3. COMPENSATION. Subject to adjustment pursuant to Paragraph 5
hereof, the Company shall compensate the Employee as follows (which
compensation shall be in addition to any additional compensation otherwise
available to Employee pursuant to Paragraph 4 hereof):
(a) Base salary of One Hundred Fifty Thousand Dollars ($150,000)
per annum during the term of this Agreement.
(b) Guaranteed bonus of Seventy-five Thousand Dollars ($75,000)
per annum payable in equal monthly installments of $6,250 during the term
of this Agreement.
(c) Options to acquire 150,000 shares of common stock, $.01 par
value per share, of the Company (the "Common Stock"), which shall be
granted within three business days of September 1, 1998, shall have an
exercise price equal to the fair market value of such stock on the date of
grant, and shall be granted under the Stock Incentive Plan of the Company
and pursuant to that certain option agreement attached hereto as Exhibit
"A."
4. OTHER BENEFITS. Employee shall be entitled to participate in all
employee benefit plans or arrangements that the Company makes generally
available now or in the future to its executive officers, such as vacation,
sick leave, life insurance, health insurance, long-term disability
insurance, retirement and incentive bonus plans.
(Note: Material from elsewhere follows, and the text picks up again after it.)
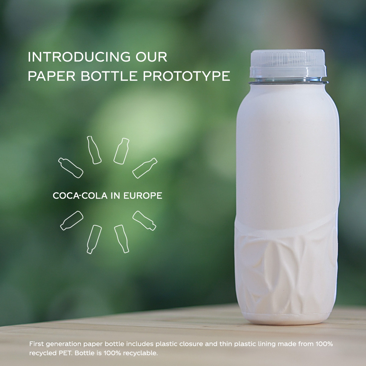 Con la presentación de su botella de papel, la multinacional reafirma su compromiso con el ecodiseño como una de las claves para conseguir Un Mundo sin Residuos, una iniciativa que persigue la meta de recolectaruna botella o lata por cada bebida vendida. Con el objetivo de continuar introduciendo material reciclado e innovando en sus envases, en 2019 Coca-Cola invirtió 180 millones de euros en proyectos de innovación y ecodiseño, dentro de su estrategia Avanzamos de sostenibilidad para Europa Occidental.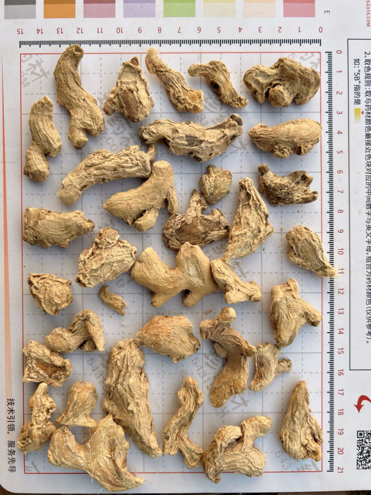 150Kg质量要求:个子货,长3~7cm,厚1~2cm,粉姜,个头饱满,颜色好,脱皮干净,过0.8mm方孔筛。内控标准:水分≤17.5%,灰分≤6.3%,SO2≤100mg/kg,浸出物≥24.0%,挥发油≥0.96%,6-姜辣素≥0.66%

Any payments or benefits
payable to Employee hereunder in respect of any calendar year during which
Employee is employed by the Company for less than the entire year shall,
unless otherwise provided in the applicable Benefit Plan, be prorated in
accordance with the number of days in such calendar year during which he is
so employed. To the extent consistent with each such Benefit Plan,
Employee's base salary shall be considered the base salary and guaranteed
bonus set forth in Sections 3(a) and (b) of this Agreement for purposes of
the Benefit Plans.
Employee shall be reimbursed all usual and customary out-of-pocket,
third party expenses of relocation to the Carencro-Lafayette, Louisiana
area in an amount up to $25,000 and shall be reimbursed for living expenses
in the Carencro-Lafayette area, including the costs of an apartment,
utilities and phone service; all upon presentation of documentation
sufficient for federal income tax purposes.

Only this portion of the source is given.